Your task → Lines from the one containing "Povlečení bavlna do" through the last line of the data are to be returned exactly, both ends included, minus any pictures.

BEGIN Data shown

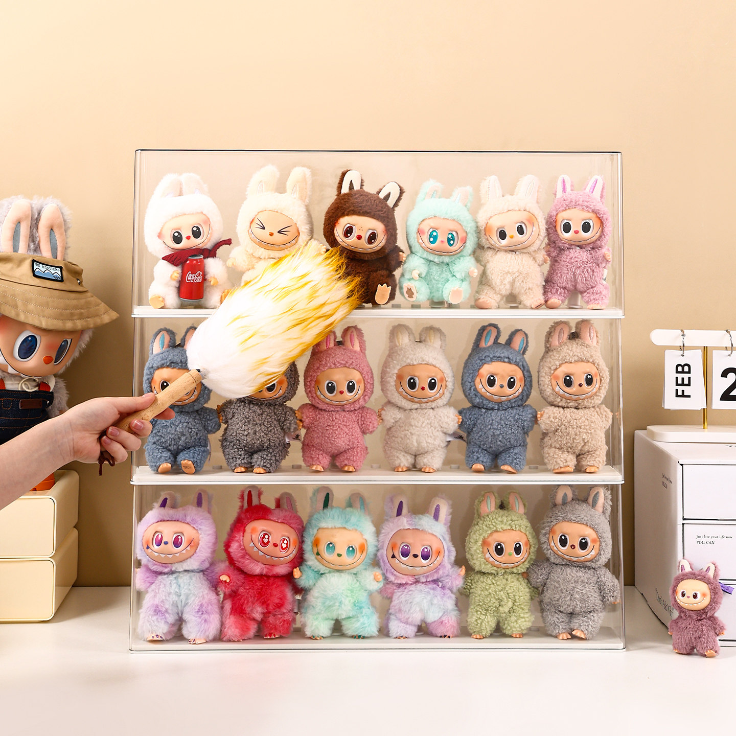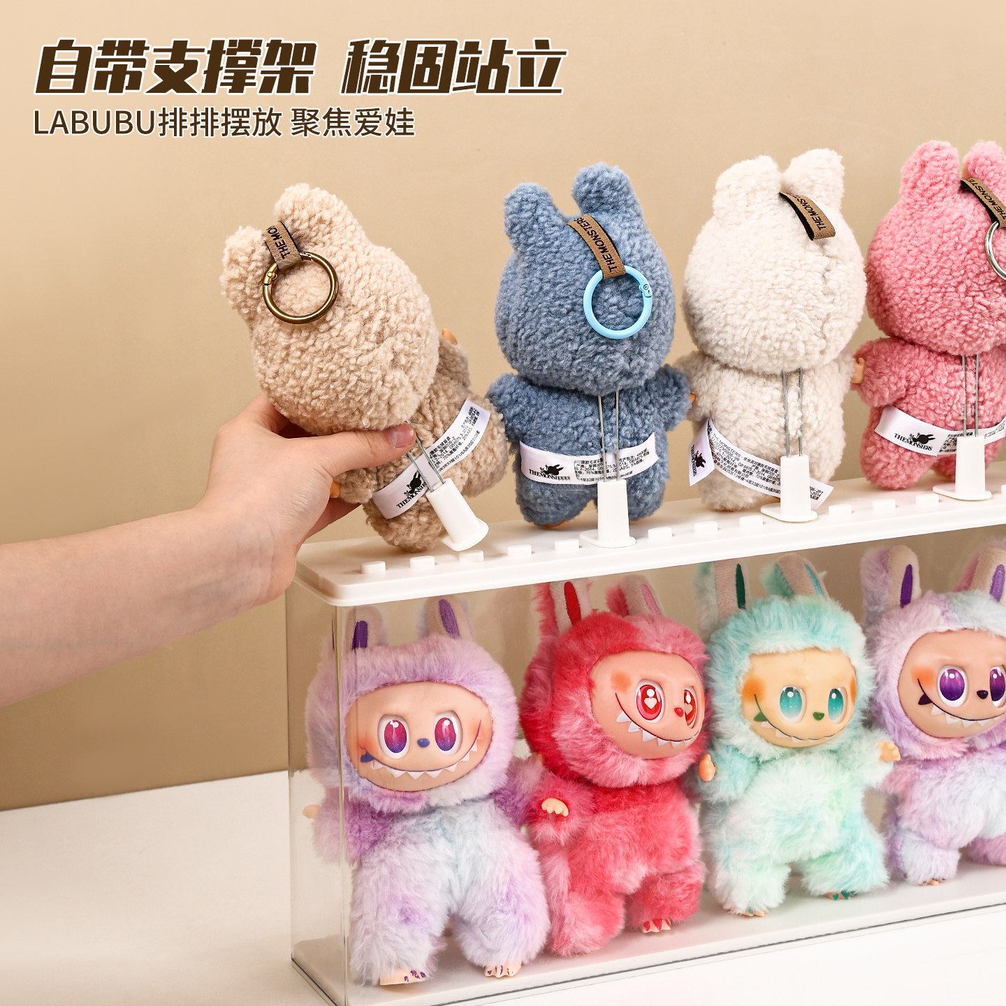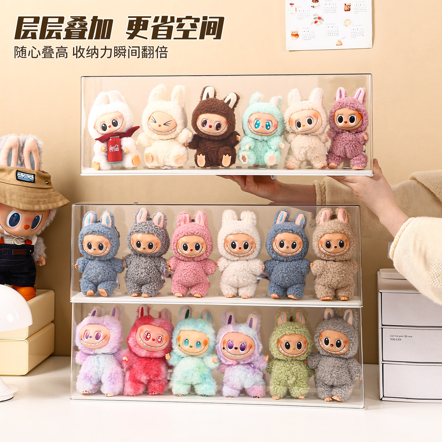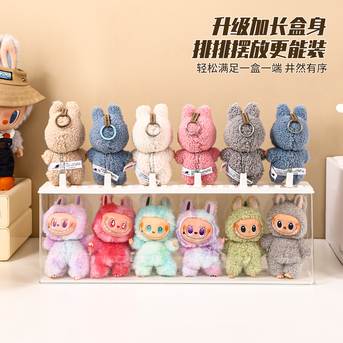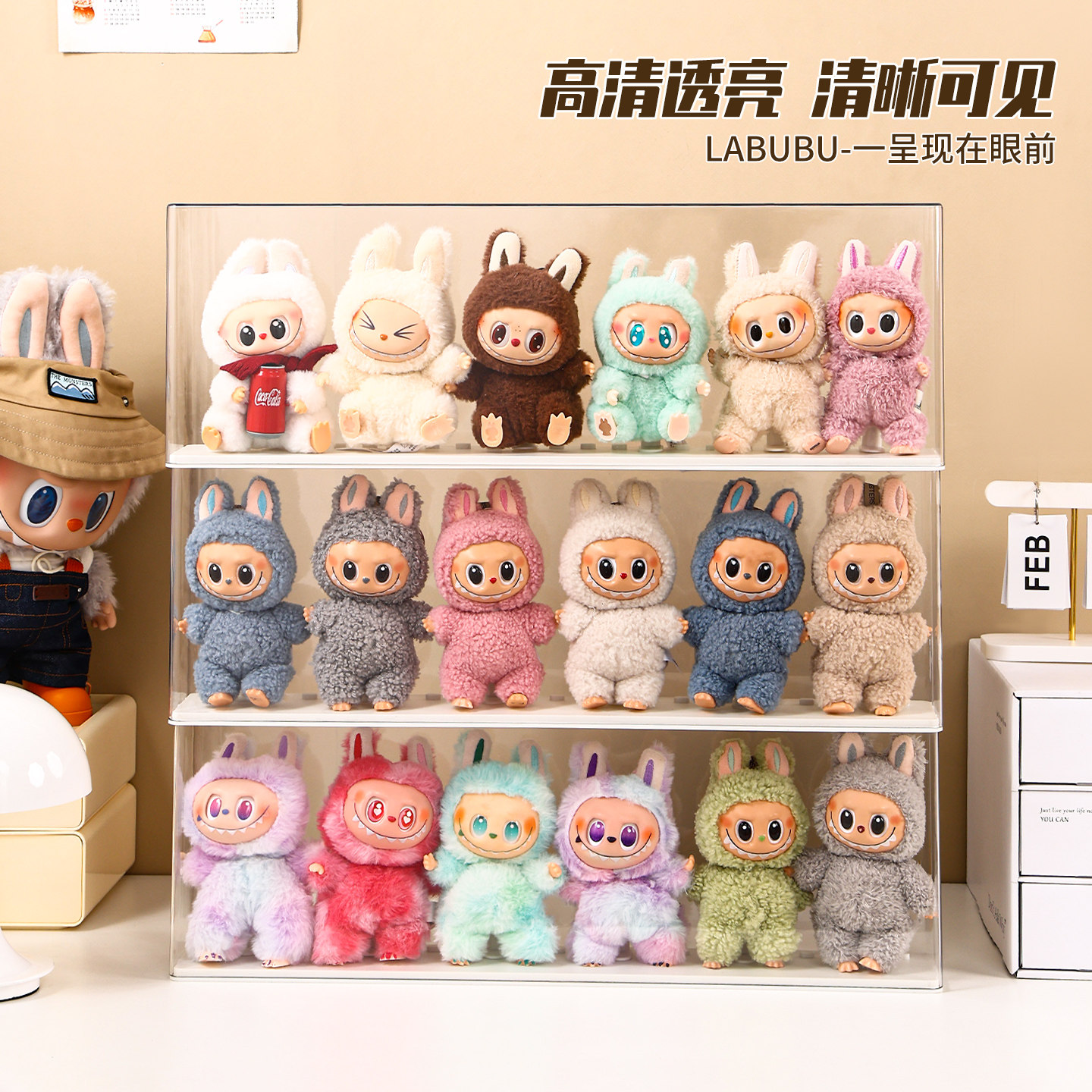 📚 labubu展示盒防尘dimoo搪胶娃毛绒挂件保护罩透明盲盒收纳展示架
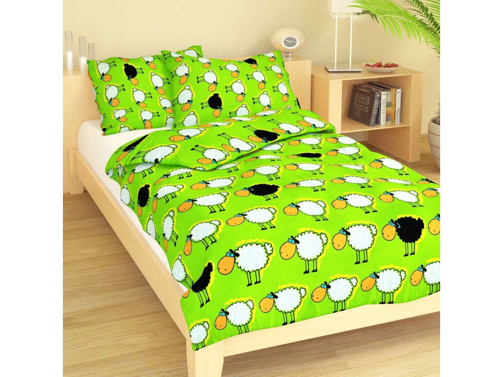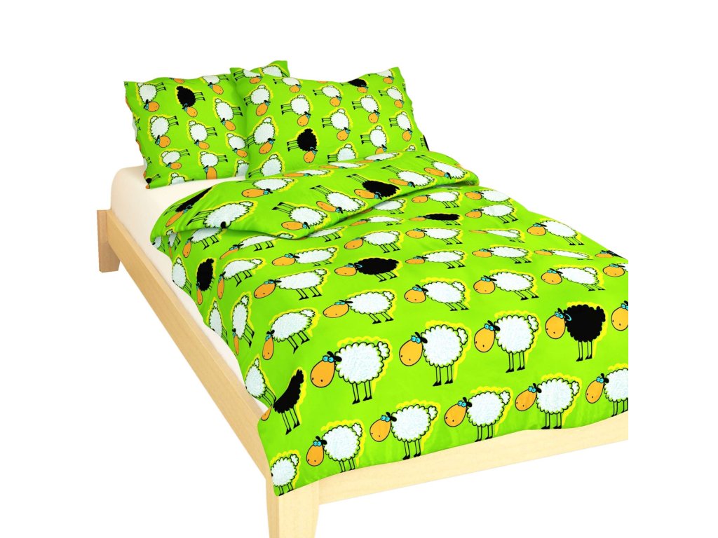 Povlečení bavlna do postýlky Stádo oveček zelené 90x130, 45x60 cm
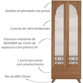Fabricada com materiais de alta qualidade e acabamento impecável, esta cristaleira garante resistência e durabilidade para você usar por muitos anos.
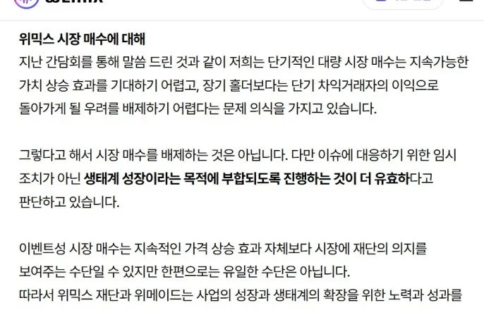 30일위믹스공식커뮤니티공지현재진행중인2000만개바이백과는별도로추진(위믹스공식커뮤니티갈무리)2025.7.1/뉴스1(서울=뉴스1)김민재기자=위메이드(112040)의블록체인전문자회사위믹스재단이투자자들이요구한5000만개이상의위믹스코인바이백(시장매수)요청을사실상거절했다.이는국내주요거래소에서의재상장폐지와는별개로해외시장에서블록체인게임생태계를확장하겠다는의지로풀이된다.1일게임업계에따르면위믹스측은지난달30일공식커뮤니티를통해이같은대규모바이백요구를일축했다.대신위메이드의신작대규모다중접속역할수행게임(MMORPG)'레전드오브이미르'의성공적인출시와초기생태계구축에100억원을투입하겠다고발표했다.위믹스는국내주요거래소에서거래지원이종료됐기때문에바이백은해외거래소에서만가능하다.재단은해외시장에서위믹스코인을매수해유통량을조절하고가치를방어하겠다는전략이다.앞서위믹스투자자들은5월31일커뮤니티게시판에서2차바이백계획이발표당시예상금액인200억원에미치지못한다고지적했다.위믹스재단은3월14일위믹스코인2000만개를바이백하겠다고공지했다.투자자들은현재시세하락을고려해5000만개이상의위믹스코인을시장에서사들여달라고촉구했다.이는수량이아닌금액을기준으로더많은코인을매수해투자자를보호해달라는요구였다.이러한요청에위믹스팀은"단기적인대량시장매수는지속가능한가치상승효과를기대하기어렵고,장기홀더보다는단기차익거래자의이익으로돌아갈우려를배제하기어렵다"며반대입장을밝혔다.위믹스팀은그동안의시장매수상황과사실관계도상세히설명했다.먼저3월14일공지한2차시장매수는당시위믹스가격(680원)을기준으로약136억원규모로계획됐다고말했다.또한현재까지약1900만개의위믹스코인을매수하는데에123억6000만원을사용했다고알렸다.이어위믹스팀은기존2000만개규모의바이백과는별개로,최근시장상황의특수성을고려해약100억원규모의위믹스코인을추가로매수할계획이라고했다.이렇게사들인위믹스는'레전드오브이미르'의성공적인글로벌출시와초기생태계구축을위해활용될예정이다.이는사들인위믹스코인을소각하지않고게임내재화나초기이용자유치등에사용하겠다는의미다.위메이드는'레전드오브이미르'가위믹스생태계의중요한축을담당할것으로기대한다.위믹스팀은"기간과규모를정해일시에진행하기보다생태계의성장과시너지를만들어가는사업목적의시장매수를통해위믹스자체의가치를높이는것이장기적으로홀더들에게더의미있는방식"이라고강조했다.더불어"궁극적으로위믹스생태계의성장과가치상승이라는동일한목적달성을위해최선을다하겠다"고덧붙였다[email protected]©뉴스1.Allrightsreserved.무단전재및재배포,AI학습이용금지.

END Data shown

Response area →
 Povlečení bavlna do postýlky Stádo oveček zelené 90x130, 45x60 cm
Fabricada com materiais de alta qualidade e acabamento impecável, esta cristaleira garante resistência e durabilidade para você usar por muitos anos.
 30일위믹스공식커뮤니티공지현재진행중인2000만개바이백과는별도로추진(위믹스공식커뮤니티갈무리)2025.7.1/뉴스1(서울=뉴스1)김민재기자=위메이드(112040)의블록체인전문자회사위믹스재단이투자자들이요구한5000만개이상의위믹스코인바이백(시장매수)요청을사실상거절했다.이는국내주요거래소에서의재상장폐지와는별개로해외시장에서블록체인게임생태계를확장하겠다는의지로풀이된다.1일게임업계에따르면위믹스측은지난달30일공식커뮤니티를통해이같은대규모바이백요구를일축했다.대신위메이드의신작대규모다중접속역할수행게임(MMORPG)'레전드오브이미르'의성공적인출시와초기생태계구축에100억원을투입하겠다고발표했다.위믹스는국내주요거래소에서거래지원이종료됐기때문에바이백은해외거래소에서만가능하다.재단은해외시장에서위믹스코인을매수해유통량을조절하고가치를방어하겠다는전략이다.앞서위믹스투자자들은5월31일커뮤니티게시판에서2차바이백계획이발표당시예상금액인200억원에미치지못한다고지적했다.위믹스재단은3월14일위믹스코인2000만개를바이백하겠다고공지했다.투자자들은현재시세하락을고려해5000만개이상의위믹스코인을시장에서사들여달라고촉구했다.이는수량이아닌금액을기준으로더많은코인을매수해투자자를보호해달라는요구였다.이러한요청에위믹스팀은"단기적인대량시장매수는지속가능한가치상승효과를기대하기어렵고,장기홀더보다는단기차익거래자의이익으로돌아갈우려를배제하기어렵다"며반대입장을밝혔다.위믹스팀은그동안의시장매수상황과사실관계도상세히설명했다.먼저3월14일공지한2차시장매수는당시위믹스가격(680원)을기준으로약136억원규모로계획됐다고말했다.또한현재까지약1900만개의위믹스코인을매수하는데에123억6000만원을사용했다고알렸다.이어위믹스팀은기존2000만개규모의바이백과는별개로,최근시장상황의특수성을고려해약100억원규모의위믹스코인을추가로매수할계획이라고했다.이렇게사들인위믹스는'레전드오브이미르'의성공적인글로벌출시와초기생태계구축을위해활용될예정이다.이는사들인위믹스코인을소각하지않고게임내재화나초기이용자유치등에사용하겠다는의미다.위메이드는'레전드오브이미르'가위믹스생태계의중요한축을담당할것으로기대한다.위믹스팀은"기간과규모를정해일시에진행하기보다생태계의성장과시너지를만들어가는사업목적의시장매수를통해위믹스자체의가치를높이는것이장기적으로홀더들에게더의미있는방식"이라고강조했다.더불어"궁극적으로위믹스생태계의성장과가치상승이라는동일한목적달성을위해최선을다하겠다"고덧붙였다[email protected]©뉴스1.Allrightsreserved.무단전재및재배포,AI학습이용금지.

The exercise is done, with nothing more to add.